Sumedho Ajahn- The Mind And The Way. Buddhist Reflections On Life. (4)

  • If you think about it, you’ll say, “I’ll never be able to get anywhere.” If you think about yourself too much, you’ll think you’re hopeless and that you can never do ti. That’s why it’s a good thing little children don’t think very much; if they did, they’d never learn to walk. When you are watching a child trying to walk, it looks hopeless, doesn’t it? it’s the same with meditation: sometimes it seems completely hopeless. But that’s just the way it seems, if you think about it. so you just keep doing the meditation practice – especially when you are disillusioned and you have to put extra effort into it.
  • In Buddhist meditation, we are recognizing the way things are. It’s the study of nature, as we experience it. It’s not the study of nature through theories in books or ideas from someone else. It’s direct investigation – watching and listening. In universities, you complicate everything by learning about all sorts of things, but in meditation you simplify. You are just watching the way things are.
  • In Buddhist meditation, you are moving toward what is most ordinary – the unconditioned. Conditions are extraordinary; they can be exciting, sometimes fantastic, phenomena. But peace of mind, the unconditioned, the silence of it, is so ordinary that no one ever notices. It’s there all the time but we don’t even know it because we’re so fascinated by the miraculous and the extraordinary, by transitory things that stimulate an depress. We get caught up in the way things seem to be, and we forget. In meditation, we’re going back to the peace that is in the position of knowing.

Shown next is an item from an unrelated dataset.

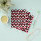 Das Design zeichnet sich durch ein auffälliges Muster mit folgenden Details aus: ・ Zigzag Lines: Das Design besteht aus mehrfarbigen Zickzacklinien, die eine Reihe V-förmiger oder Zickzack Muster erzeugen. ・ Rote Streifen: Vertikale rote Streifen sind gleichmäßig über das Muster verteilt, wodurch ein kontrastierendes Farbelement zum monochromen Schema hinzugefügt wird. ・ Symmetrie und Rhythmus: Die Zickzacklinien werden gespiegelt und so ausgerichtet, dass sie eine kontinuierliche Sequenz bilden, die dem Muster einen rhythmischen und visuell ansprechenden Look verleiht. Dieses Muster wird oft in Textilien oder als dekoratives Design aufgrund seines kühnen und dynamischen Aussehens verwendet.

The, the world is understood for what it is, and we are no longer deluded by it. we can live and act in the world without being overwhelmed by the conditions we experience.
  • If you have too many ideas about what good meditation is and how it has to be, then when those conditions aren’t there, you’re going to feel that you can’t do it. So change your attitude from assuming that you can only meditate under the best conditions, to seeing meditation as the way you relate to life as it is – the best, the worst, or just the ordinary.
  • What comes up in consciousness can be anything. It can be beautiful or ugly, good or bad, sensible or crazy. But in mediation, the quality doesn’t make any difference. You are just recognizing that consciousness changes, and you see that it is not self – it is anatta. When you fully understand and appreciate this, you can use consciousness for release, rather than trying to select or choose what you will allow into consciousness.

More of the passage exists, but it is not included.